# How Did PC-BSD 9.1 Get Released Before FreeBSD 9.1?



## dave (Dec 19, 2012)

Just curious - how does the news feed contain an article that PC-BSD 9.1 has been announced, when FreeBSD 9.1 RELEASE has not been announced?


----------



## kkt (Dec 19, 2012)

FreeBSD 9.1 has been released now.  I think PC-BSD was all set to go as soon as the FreeBSD release was out and may have happened to get on the news feed first.


----------



## dave (Dec 19, 2012)

Is there some secret society in which releases are happening now?  I follow the RSS, and the forums.  Not to mention the project home page?  Where does it say the FreeBSD 9.1 has been released?  And can someone enlighten me as to what this "release" in terms of features, bug fixes, and such?


----------



## kpa (Dec 19, 2012)

It's not announced yet. There's however the SVN sources with the magic invocation "FreeBSD 9.1 RELEASE" in newversh.sh already in place:

http://svnweb.freebsd.org/base/releng/9.1/sys/conf/newvers.sh?view=markup

It's ready for release but last minute changes are still possible until it's announced officially.


----------



## kkt (Dec 19, 2012)

The news release is on the http://www.freebsd.org homepage, under Latest News, second item down, dated Dec. 18.


----------



## tiny (Dec 19, 2012)

Mine reads:

LATEST NEWS
2012-12-18 
New committer: Mark Johnston (src)

2012-12-18 
PC-BSD 9.1 is Released

2012-12-18 
New committer: Mark Johnston (src)

2012-12-18 
PC-BSD 9.1 is Released

I only read PC-BSD Released, unless one is a typo. But found it no different anywhere else on the site.


----------



## usdmatt (Dec 19, 2012)

9.1-RELEASE has not been released yet, hence you won't of heard about it.

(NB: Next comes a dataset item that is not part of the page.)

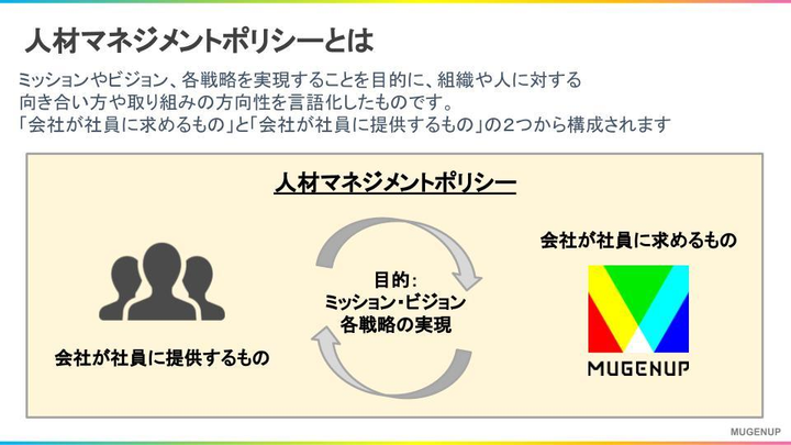 ソーシャルゲーム市場の拡大の最中に創業し、市場の成長と共に事業拡大をしてきた弊社ですが、直近、AI技術の台頭により、今のままだとAIに代替され得るリスクが高まってきた背景を鑑み、ビジョンに掲げる「総合デジタルコンテンツメーカー」への成長を遂げるべく、事業変革を推進。 人事制度も会社の変革に合わせ刷新していくべきと考え、1人1人異なるバックグラウンドを持つ社員でも、共通認識を持てる、具体的な行動レベルの指針を目指し、「人材マネジメントポリシー = 会社と社員の約束事」を作成しました。

If you follow the dev mailing lists, you may of seen that the 9.1-RELEASE tag was created in SVN a week or two ago. However, before they will announce it's available, a lot needs to be done, including, but not limited to:


Get devs to checkout the 9.1-RELEASE tag, build and create ISO's for all architectures. No point announcing it if end users can't download an ISO
Upload these to FTP and let all mirrors get hold of it. You don't want to announce and have everyone go to ftp.freebsd.org because it's the only place that's got it
Create all the freebsd-update stuff and distribute that to mirrors. Can't announce if 'freebsd-update -r 9.1-RELEASE' doesn't work.
Create the release/hardware notes for the website detailing all the visible changes
Much more...

This stuff hasn't been finished yet, although it does seem to be taking a while, hence it's not been publicly announced. That doesn't stop the PC-BSD devs downloading a copy of the 9.1-RELEASE sources from SVN and building their release from it though. Considering the real release details/notes/changes appear on the FreeBSD website though, you'd think they'd of waited and released at the same time.


----------



## kkt (Dec 19, 2012)

tiny said:
			
		

> Mine reads:
> 
> LATEST NEWS
> 2012-12-18
> ...



Whoops.  You're right, sorry.


----------



## gkontos (Dec 19, 2012)

dave said:
			
		

> Just curious - how does the news feed contain an article that PC-BSD 9.1 has been announced, when FreeBSD 9.1 RELEASE has not been announced?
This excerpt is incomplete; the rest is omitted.